As far as I understand the documentation for BatchNorm1d layer we provide number of features as argument to constructor(nn.BatchNorm1d(number of features)).
As an input the layer takes (N, C, L), where N is batch size (I guess…), C is the number of features (this is the dimension where normalization is computed), and L is the input size.
Let’s assume I have input in following shape: (batch_size, number_of_timesteps, number_of_features)
which is usual data shape for time series if batch_first=True.
Question
Should I transpose the input (swap dimension 1 and 2) before running the batch normalization?
In this case I will have to transpose the output again to use it in RNN later. It looks quite weird to me.

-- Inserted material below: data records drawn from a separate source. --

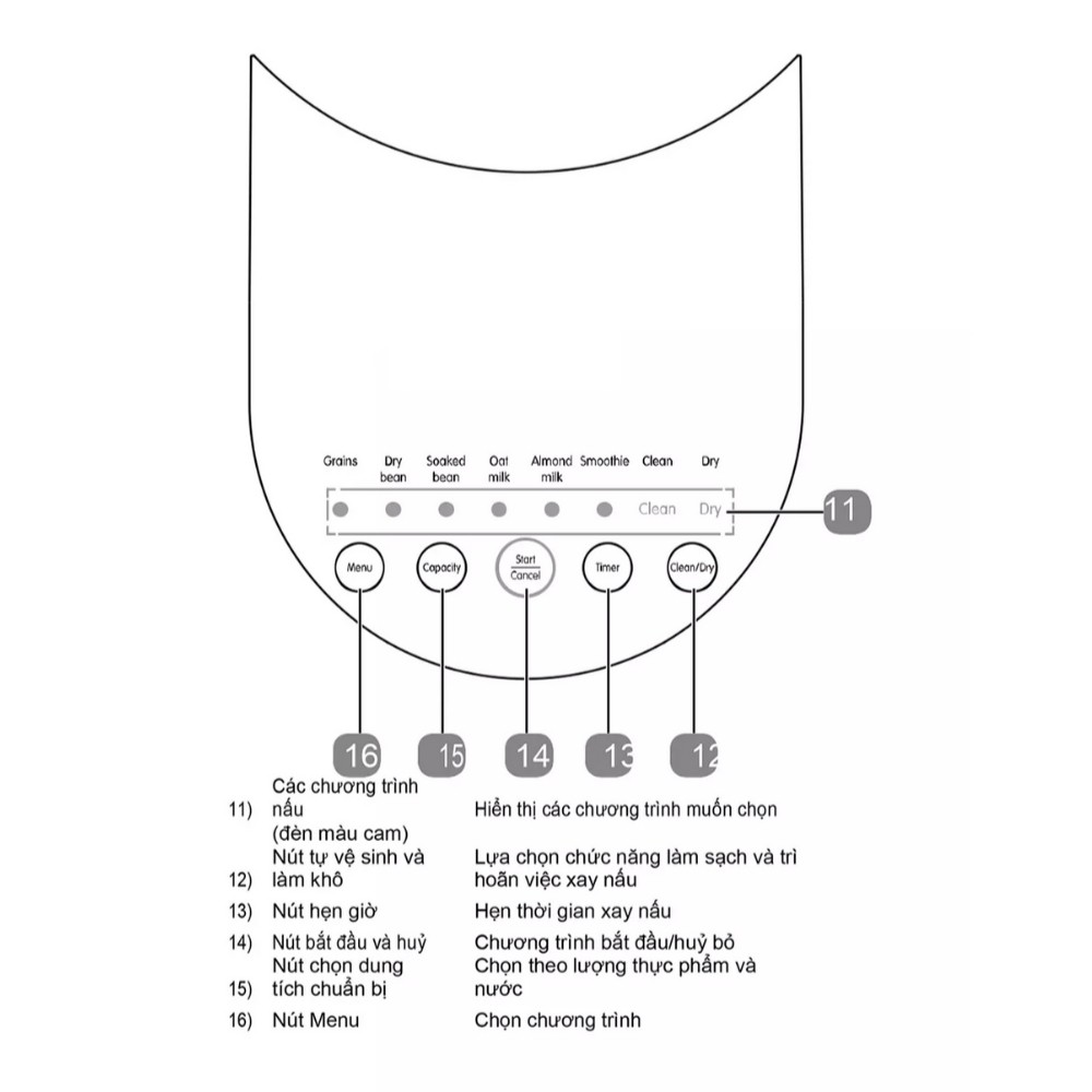 - 8 chương trình tự động và linh hoạt: Ngũ cốc (đậu đen, đậu gà, đậu xanh, gạo lứt...), hạt đậu nành khô, hạt đậu đã ngâm nước, sữa yến mạch, sữa hạnh nhân, sinh tố, vệ sinh, sấy khô.
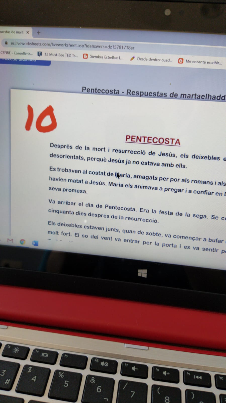 Y otro que está a tocpe y que me manda trabajos todas las semana es Guillem de Gaianes. Además me está mostrando unas capacidades artísticas importantes. Mirad que trabajo más bonito el de pentecostés... También ha realizado actividades interactivas. Gracias Guillem
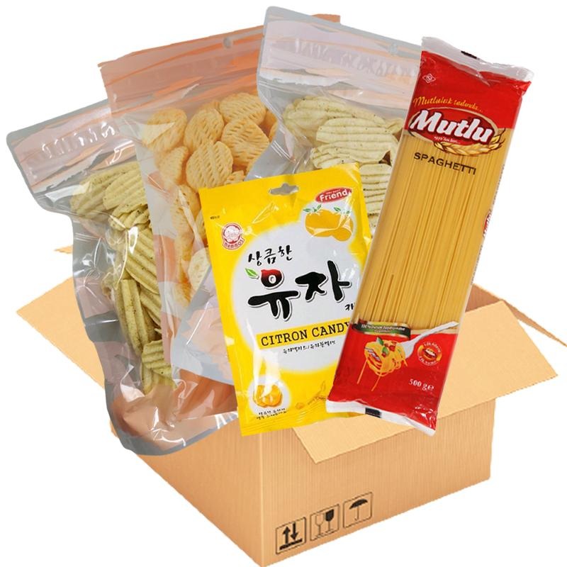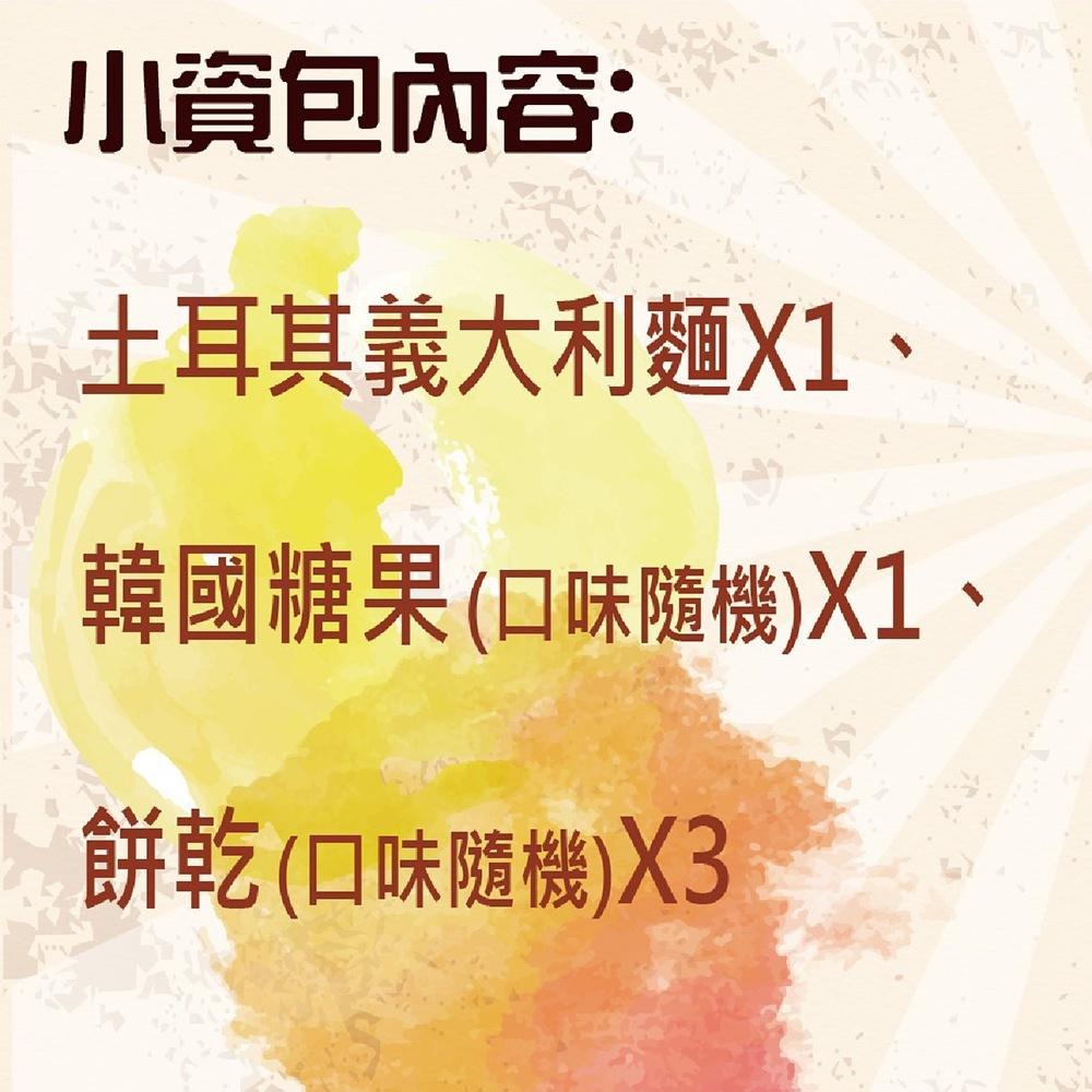 內容物:土耳其義大利麵*1、餅乾(口味隨機)*3、韓國糖果(口味隨機)*1

Can someone please take a look at below example and let me know if this is the proper way.
E.g.:
import torch
from torch import nn
# data (batch size, number of time steps, number of features)
x = torch.rand(3, 4, 5)
# layers
bn = nn.BatchNorm1d(5)
rnn = nn.RNN(5, 10, 1, batch_first=True)
# computation - transpose TWICE
x_normalized = bn(x.transpose(1, 2)).transpose(1, 2)
rnn(x_normalized)
Your code looks correct, since the batchnorm layer expects an input in [batch_size, features, temp. dim] so you would need to permute it before (and after to match the input of the rnn).
In your code snippet you could of course initialize the tensor in the right shape, but I assume that code is just to show the usage.
Isn’t this a fundamentally flawed approach? BatchNorm1d is not working harmoniously with nn.Linear, which is the most fundamental part of PyTorch. This makes it not possible to use BatchNorm and Linear layer in the sequential format. At least to my knowledge.
For 2D Batches it works great. However, when we use fully connected layers for 3D inputs of shape (N=batch size,L=sequence length,C=input size) we have to transpose 2 times to use BatchNorm1D after each linear transformation. Because each linear layer acts upon dim=-1 (our features) and BatchNorm can act only on dim=1, 2 transpositions must be done: before and after the BatchNorm. For example, a fully connected network of 3 layers is given below with BatchNorm before each non-linearity.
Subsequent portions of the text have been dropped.